И вот она говорит, говорит, говорит все это. И про королеву Викторию, у которой был скипетр нефритовый, тоже из Китая. И про диск «би» династии Хань, на нем два дракона объемлют мир верхний и мир нижний, и с этим диском надо снисходить туда, откуда льется свет, и нет возврата. И про жезл «цун», с отверстием, потому что такова ось мира. И про то, что если вложить нефрит, золотом отороченный, в девять отверстий, то тело избежит тлена: так говорил Бао-пу-цзы, ибо нефрит – это янь. И про камень библейский – ишме, и про камень бутылочный – обсидиан.
А он, будто за тем, чтобы, как на уроке по географии, рассмотреть наглядное пособие, -- склоняется над столом, берет ее руку с камнем, – и подносит к глазам, и на свет пробует, а скулой почти уж и виска коснулся, и пахнет от него коньяком и сигаретами с ментолом…
Зрелая женщина. Он же должен знать, что у нее крепкое гибкое тело, прохладная маленькая грудь. Он же понимает, какие бедра под этими обвисшими, как школьное трико, джинсами, и живот – у нее молодой живот, не совсем плоский, но и не такой, знаете, как у молодух на картошке… Ладони у него большие, узкие, горячие…

А потом он уйдет, конечно, и она будет смотреть на трещины в потолке, на бурые пятна, на плесень – материки и острова, населенные гуингнами – и снова думать о том, какая суета твориться на небе. Ангелы туда -сюда, с душами, которые уже отбыли срок, и которым еще предстоит…

Туда, сюда. Душа вверх, душа вниз. Взлёты… посадки… толчея… хлоп крыльев… перья. Помёт… крики… музыка… отчётность…

Как в собесе.
(Господи, о чем я думаю!)…

После похорон обыкновенно бывает семидневная шива. А ведь кто-нибудь и сядет на пол, может быть. И будет кушать яйца и чечевицу, и целых тридцать дней не коснется лица его бритва, а потом шелошим, а потом на могиле поставят камень – мацеву. Она его придумала – вот он и придет, и камень поставит, и через год пригласит людей на йорцайт.
А потом останется совсем один, как вот она сейчас.
Что-то важное она не рассказала, да… Никому никогда интересно не было, а ей важно.
Коркут – не фамилия, а рок. Предписание.

По этому поводу иногда, со всяким бывает, она устраивала себе праздник. Доставала из коробки новогоднюю гирлянду, навешивала ее на гардину, потом ложилась на диван, укутывалась теплым клетчатым пледом и смотрела, как вспыхивают поочередно синие, желтые и красные огни, отражаясь в стекле, за которым город, люди и ожидания.

… вот она подле фонтана. На подушках, плоских и мягких. И черный кызлар-ага, глава черных евнухов, с тяжелой золотой серьгой в ухе, склонив голову, кивает, выслушивая приказ. Вот он хлопает в ладоши, и ич-оглан – белокурый христианский мальчик – выбегает вон; а потом играет музыка: кобуз, флейта, домра, и она решает, что из истребованного ич-оглан принесет в первую очередь.
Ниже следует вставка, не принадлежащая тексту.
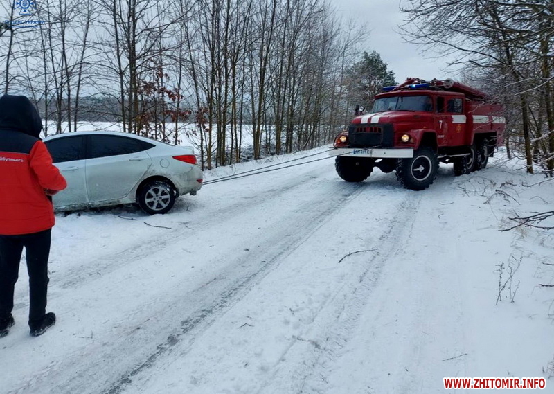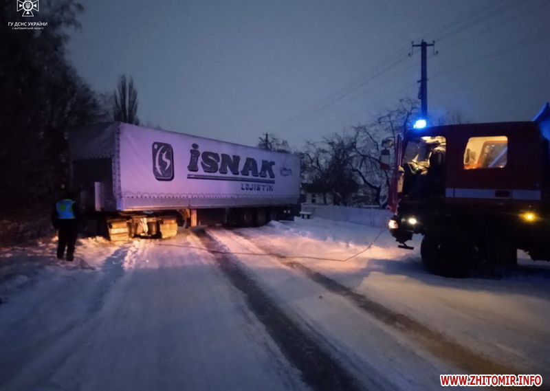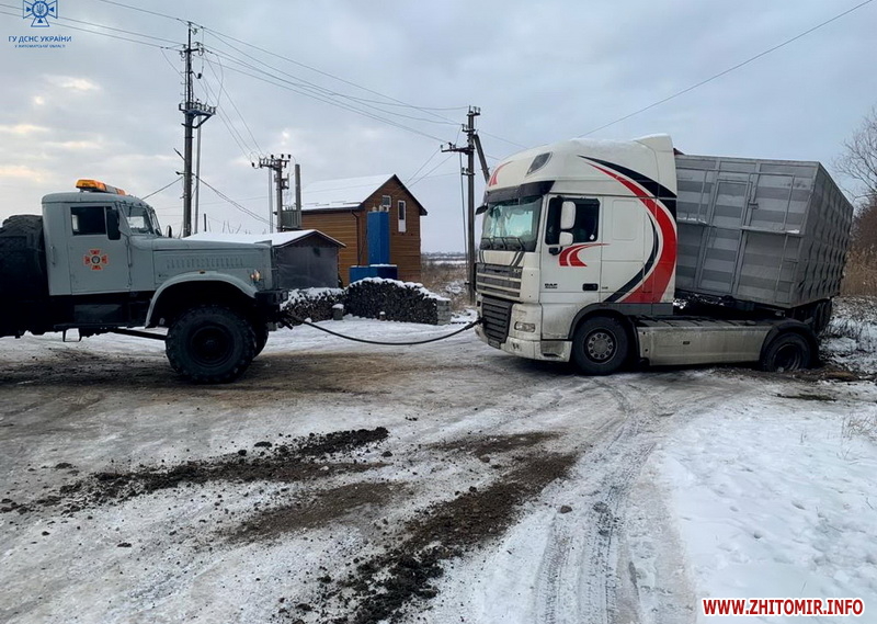 «Упродовж минулої доби рятувальники області три рази залучалися до надання допомоги водіям у відбуксируванні транспортних засобів. Так, на автодорогах поблизу с. Станишівка Житомирського району та с. Куліши Ємільчинської територіальної громади Звягельського району фахівці ДСНС надали допомогу водіям двох вантажних автомобілів. Ймовірно, через ожеледицю їхні транспортні засоби занесло вбік та вони перекрили рух автотранспорту. На щастя, ніхто з людей не постраждав. За допомогою тросів, що причепили рятувальники до пожежних та спеціальних автомобілів, вантажівки вдалося відбуксирувати на рівну ділянку дороги, де вони змогли продовжити свій рух далі. До того ж поблизу с. Миколаївка Лугинської територіальної громади Коростенського району рятувальники вилучали із кювету легковий автомобіль», - йдеться в повідомленні.

И окажутся на серебре и золоте кушанья неведомые, невероятные, пар от которых заслоняет всю эту войну: там, за окном. Говорят, Саддама повесили, и суд из Москвы сюда переезжает – какой суд? зачем? чем ему там плохо было? и кого судить?.. А тут -- соус из мяты и яичных желтков с белым вином. И голубой сыр из Ломбардии. И телятина отварная с фасолью и корнишонами. И сухое красное из Пьемонта. И маринованная спаржа. И утка в апельсиновом соусе, и тушеный угорь, и маринованное мясо буйволицы, и булочки из яичной пасты с мясом, и огромный торт-мороженое с шоколадом, фруктами и рикотой.

И взгромоздит ич-оглан майоликовое блюдо с пловом из пшеничной крупы, с тушеным в масле луком и мясом, с помидорами и зеленым перцем. И еще одно с зейтинъялы из длинной стручковой фасоли с луком и помидорами, и еще – ызгара, колбаски, на решетке прожаренные, а рядом гезлеме – лепешки с травами и сыром. И она не станет пить пьемонтское, и римское белое не станет, а потребует настоящей алтынбаш, «львиного молока» крепости необычайной, и выпьет за здоровье того, кто положит камень у нее в изголовье…
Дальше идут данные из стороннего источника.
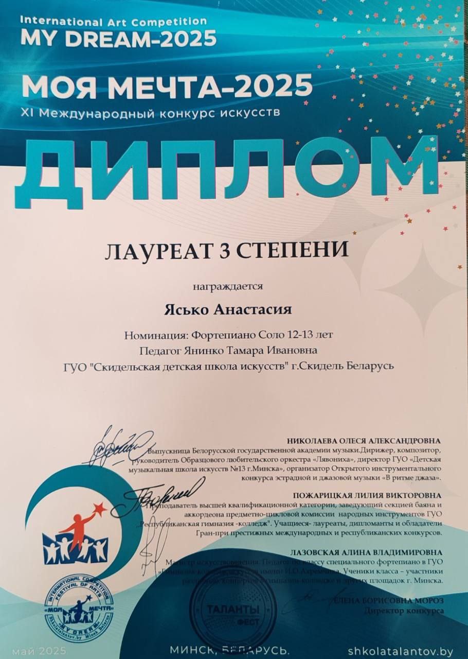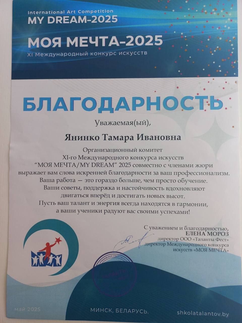 18 мая в г. Минске прошёл XI Международный конкурс искусств «Моя мечта-2025».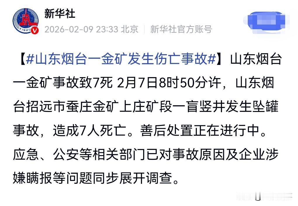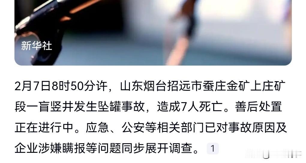这真是太悲剧了,又发生矿难。 如果出了矿难,不选择第一时间上报,而是选择瞒报,那简直就是在作死,必将受到惩罚。 2月7日8:50许,山东招远一金矿发生事故致7死,给家庭带来沉重痛苦。 一定要好好查查里面有哪些违规的问题。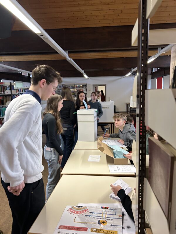 Auch das Landesmusikgymnasium nutzt seit vielen Jahren dieses wertvolle Instrument, um das politische Bildungsinteresse unserer Jugendlichen zu fördern. In diesem Jahr wurde die Wahl für die Klassen 7 bis 13 ermöglicht und von der Klasse 9b unter der engagierten Leitung von Christian Jeuck organisiert. Am Freitag, den 21. Februar hatten die SchülerInnen die Freiheit, selbst zu entscheiden, ob und wann sie das Wahllokal in der Bibliothek im Laufe des Vormittags besuchen wollten.
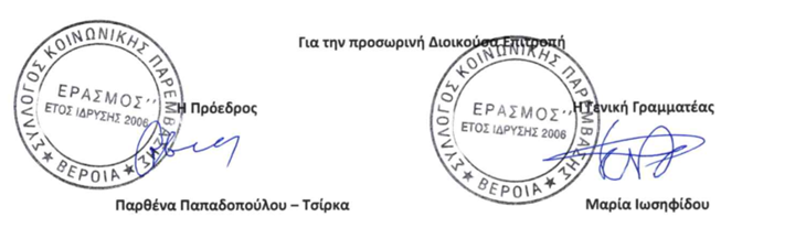 Η υποβολή των αιτήσεων με τα απαιτούμενα σχετικά έγγραφα από τους/τις ενδιαφερόμενους/νες θα γίνεται αυτοπροσώπως ή με εξουσιοδοτημένο γραπτώς από αυτούς/ες άτομο στα γραφεία του Συλλόγου, που βρίσκονται στον τρίτο όροφο της οικοδομής, στη Βέροια και επί της οδού Μ. Αλεξάνδρου 17, 9.00-14.00 καθημερινά, εκτός Σαββάτου και Κυριακής και ηλεκτρονικά στο email: erasmos.veria@gmail.com και σε κάθε περίπτωση, για πληροφορίες η επικοινωνία μπορεί να γίνει στο τηλέφωνο 23310 74073.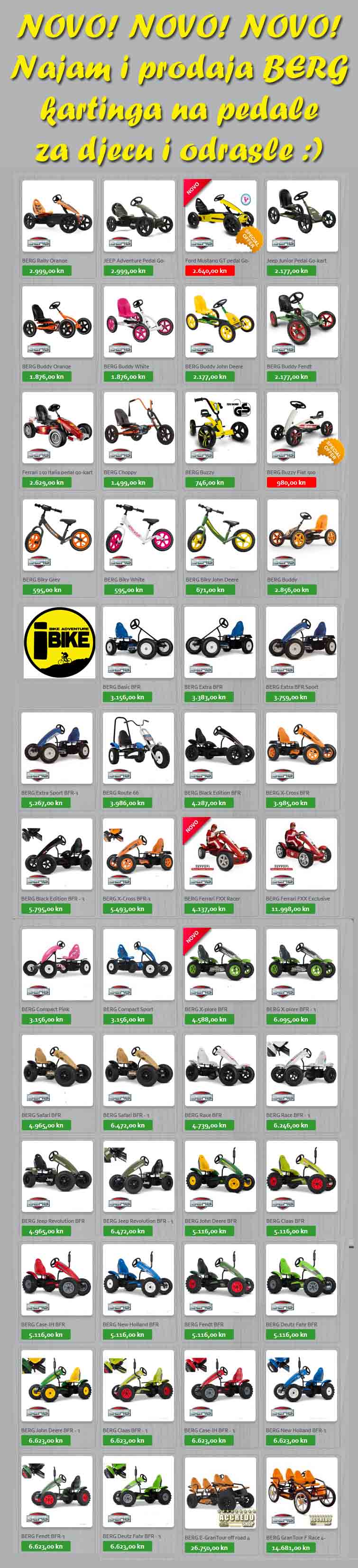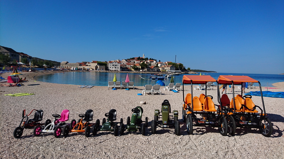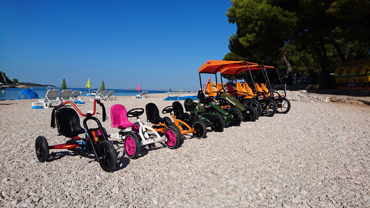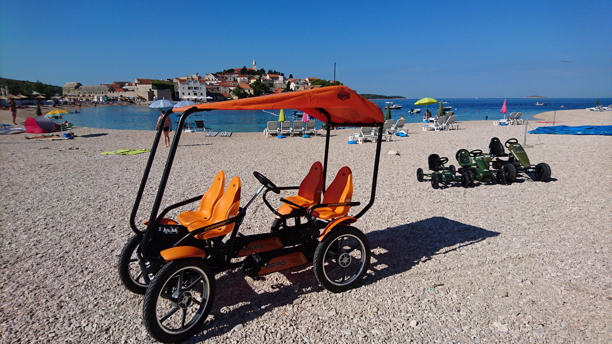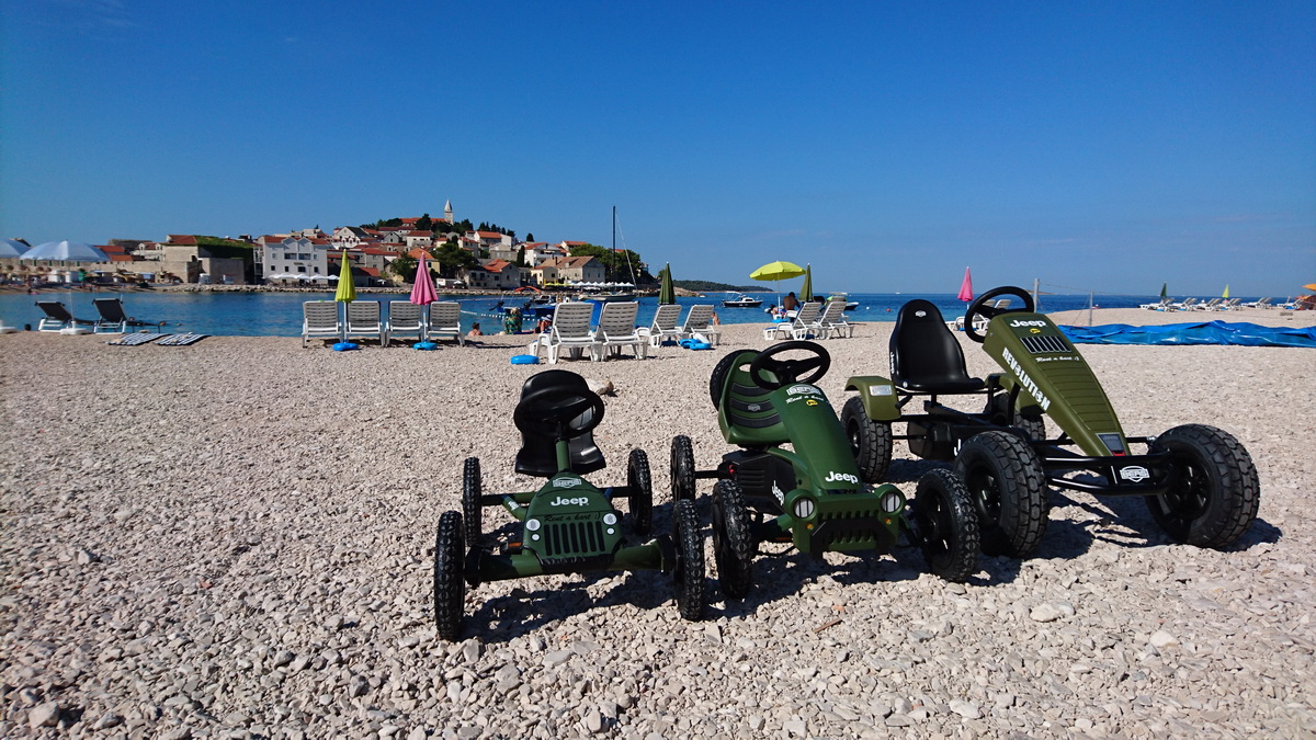 Primošten je od ovog tjedna bogatiji za još jednu ponudu. Na plaži Mala Raduča u rental centru iBike, osim velikog izbora bicikli, sada možete iznajmiti i karting na pedale. Radi se o jako kvalitetnim igračkama nizozemskog proizvođača Berg. Za sada je u ponudi osnovni model “Buddy” prilagođen djeci od 3 – 5 godina. Choppy za djecu od 3 – 6, zatim modeli Jeep za djecu 3 – 5 te 5 – 8 godina starosti. Za stariju djecu te odrasle tu je omiljeni model Jeep revolution, a u ponudi imamo i dva obiteljska modela Gran Tour, koji su pogodni za obitelj s dvoje djece. Osim najma sve modele BERG TOYS igračaka kod nas možete i kupiti.

… И взойдет препоясанный полосатым шарфом слепой узан, про которого известно, что он последний баксы – шаман; и усядется на ковер, возложит пальцы на струны, и смычок положит на них, и начнет песнь о том, как пришел Огуз-каган с войском к реке, называемой Итиль. Начнет «Китаби дэдэм Коркут».
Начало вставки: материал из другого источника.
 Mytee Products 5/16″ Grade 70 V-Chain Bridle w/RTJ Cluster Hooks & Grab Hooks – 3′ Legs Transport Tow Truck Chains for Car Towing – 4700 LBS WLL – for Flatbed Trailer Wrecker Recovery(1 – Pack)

--… и увидел Огуз-каган реку эту, и молвил Огуз-каган, простирая руку свою: «Как переправиться мне через поток Итиль?». И был в могучем войске том один высокородный, дородный бек, а имя было ему, беку этому дородному, Улуг Орду бек имя было его…

--… и бек этот, Улуг Орду бек, срубил тогда лес на берегах потока Итиль, деревья срубил он, и на деревьях тех расположился он, и на деревьях тех великих переправился. И обрадовался тогда, и возликовал радостно, и воскликнул Огуз-каган, и сказал: «О, будь же ты здесь беком, Кыпчак-бек ты будь!»…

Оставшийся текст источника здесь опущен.